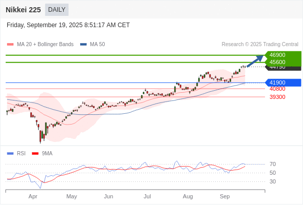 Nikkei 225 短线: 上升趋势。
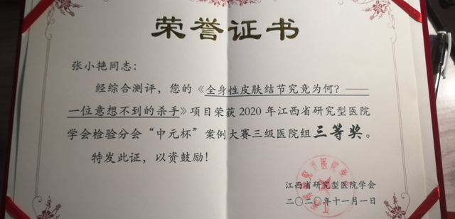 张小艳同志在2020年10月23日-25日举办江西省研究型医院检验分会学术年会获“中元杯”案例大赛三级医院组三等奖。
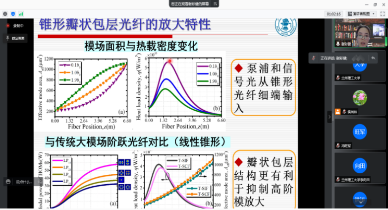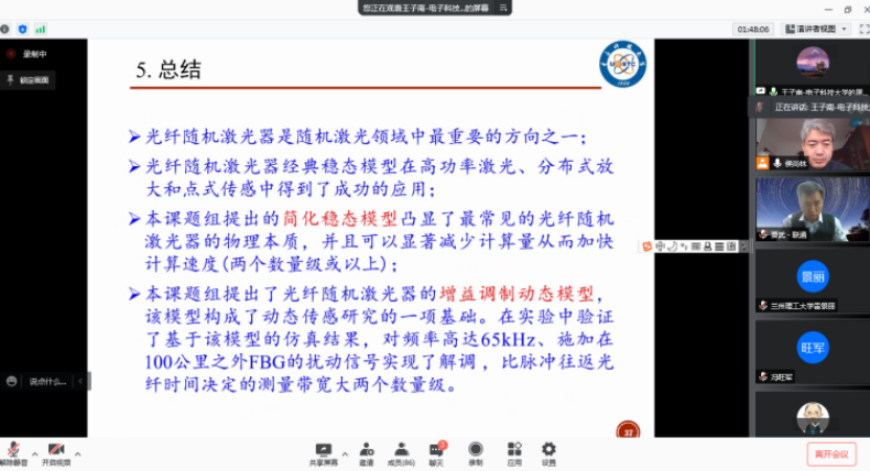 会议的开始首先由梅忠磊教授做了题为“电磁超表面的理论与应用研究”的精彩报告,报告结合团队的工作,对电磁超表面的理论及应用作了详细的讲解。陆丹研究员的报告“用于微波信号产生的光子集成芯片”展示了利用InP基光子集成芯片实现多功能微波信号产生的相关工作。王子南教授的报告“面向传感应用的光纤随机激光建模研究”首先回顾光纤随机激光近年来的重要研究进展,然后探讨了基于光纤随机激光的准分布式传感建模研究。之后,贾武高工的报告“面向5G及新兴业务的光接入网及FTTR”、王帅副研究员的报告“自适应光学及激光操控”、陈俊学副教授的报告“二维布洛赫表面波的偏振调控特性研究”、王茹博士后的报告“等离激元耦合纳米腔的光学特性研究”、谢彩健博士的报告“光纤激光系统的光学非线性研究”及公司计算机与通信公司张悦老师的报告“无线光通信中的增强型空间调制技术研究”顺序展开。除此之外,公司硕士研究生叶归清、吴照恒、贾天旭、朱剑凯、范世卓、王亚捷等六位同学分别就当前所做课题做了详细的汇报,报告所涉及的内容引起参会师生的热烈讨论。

################

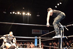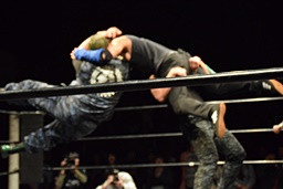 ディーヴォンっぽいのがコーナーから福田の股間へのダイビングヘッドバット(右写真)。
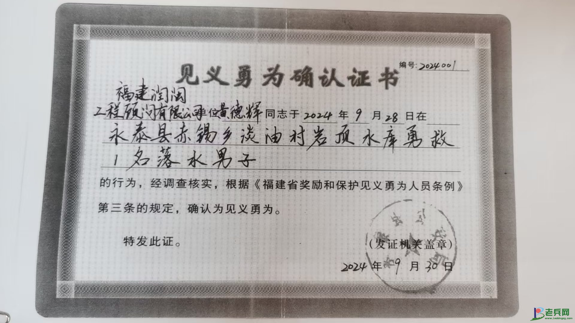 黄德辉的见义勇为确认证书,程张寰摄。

################

■ About this exercise: Out of the records above, please copy exactly the lines from the line with "ディーヴォンっぽいのがコーナ" up to and including the line with "黄德辉的见义勇为确认证书,程张寰摄。", minus the pictures.

■ Response to the task:
 ディーヴォンっぽいのがコーナーから福田の股間へのダイビングヘッドバット(右写真)。
 黄德辉的见义勇为确认证书,程张寰摄。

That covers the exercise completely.